Monday, July 3, 2017

Religious Freedom - Roger Williams


I'd like to discuss some of the early colonial leaders whose views on religion and government shaped the thinking of the Founding Fathers.  One of these men was Roger Williams.

Williams was born around 1603 in London, England.  He was a Puritan and emigrated to America to live in the Massachusetts colony.  His ideas on religious freedom clashed strongly with those other Puritans, most of whom had become as intolerant of others as had the Anglicans been intolerant of the Puritans in England.  He was banished from Massachusetts because he believed that the state should not dictate a man or woman's worship.  People should be free to worship as they see fit, which he called "liberty of conscience" or "liberty of the soul."  His philosophy has been called the forerunner of Jeffersonian Democracy and was certainly a precursor to, not only the Declaration of Independence, but to the Constitution and the Bill of Rights.

He also spoke out against the colonists seizing land from the Native Americans.  When he founded the colony of Rhode Island, he purchased land from the Narragansett Indians for that purpose.  His colony became what he called a "lively experiment" in tolerance (although he, himself, was intolerant of the Quaker movement.)  He was a staunch scholar of the King James Bible and is commonly regarded as the original founder of the Baptist Church in America.
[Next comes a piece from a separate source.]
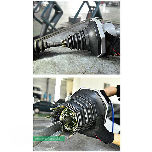 Пристрій для заміни пильника ШРУСа пневматичне TOPTUL JEBE0111. Знімач спеціально розроблений для розтягування пильовика на вузлах ШРУСу автомобілів. Встановлює гнучку кермову тягу та пильовик ШРУСа, не знімаючи вісь з автомобіля або шарнір CV з осі. Економія робочого часу до 70% та запобігання пошкодженню ШРУСу. Композитний корпус із простим регулюючим клапаном працює від стаціонарного джерела стисненого повітря. Для виконання робіт не вимагає додаткового мастила. Підходить більшість автомобілів, невеликих фургонів, легкого комерційного транспорту. Матеріал: алюмінієвий сплав. Знімач комплектується двома штуцерами: європейський та японський тип.

Eventually, he fell away from Baptist ideals and became what he called a "seeker."  To quote from www.history.com:

His lifelong search for a closer personal union with God forged his beliefs and ideas. Rejecting the moderate theology of Puritanism, Williams embraced the radical tenets of separatism, turned briefly to Baptist principles, but ultimately declared that Christ’s true church could not be known among men until Christ himself returned to establish it. From his reading of the New Testament, in which Christ had commanded religious truth and error to coexist in every nation until the end of the world, Williams concluded that liberty of conscience–”soul liberty” as he called it–was necessary because no one could know for certain which form of religion was the true one God had intended.[1]

He understood far beyond the philosophies of his time that Christ could not restore His true church until there existed a government of freedom that allowed, as part of it's codified laws, "soul freedom," what we call today freedom of religion or religious liberty.

He died in 1683 and his death caused little stir.  It was only with the coming of the search for independence in the 1700s that people looked back at William's philosophies and their influences on such men as Thomas Jefferson and John Adams.

Of interest to me as a Latter-day Saint is our belief that our Declaration of Independence and our Constitution are divinely inspired documents developed by great men under the direction of "Divine Providence."  As I have presented earlier regarding God's hand in the discovery and colonization of America, I firmly believe that God blessed America from before the beginning as the place where His true church could be restored, as Roger Williams hoped for.  We further believe that is exactly what happened when a young New  York farm boy walked into a grove of trees on his father's farm to pray and ask God which church he should join.  Young Joseph experienced a true theophany that day and, over the next ten years, he became the Prophet of Restoration through whom Jesus Christ restored His true church to the earth in April of 1830.  Although it was 147 years too late for Roger Williams, I personally believe that he knows it now and that he was one of those divinely inspired men God sent to till the soil of liberty so that this nation could become the fertile ground in which God could plant the seed of His Restored Gospel.

What saddens me is that our society, particularly those who are the most socially and politically liberal, have taken the idea of freedom of religion protected by First Amendment rights and turned it into freedom from religion.  Church and state should be separate so that the state does not dictate a "state religion" as was predominant in Europe until the last century.  It should never be construed to mean that the state has the right to dictate that there be no religion at all.  Our very rule of law was derived from British Common Law which, in turn, came out of the soil of Judeo-Christian ethics.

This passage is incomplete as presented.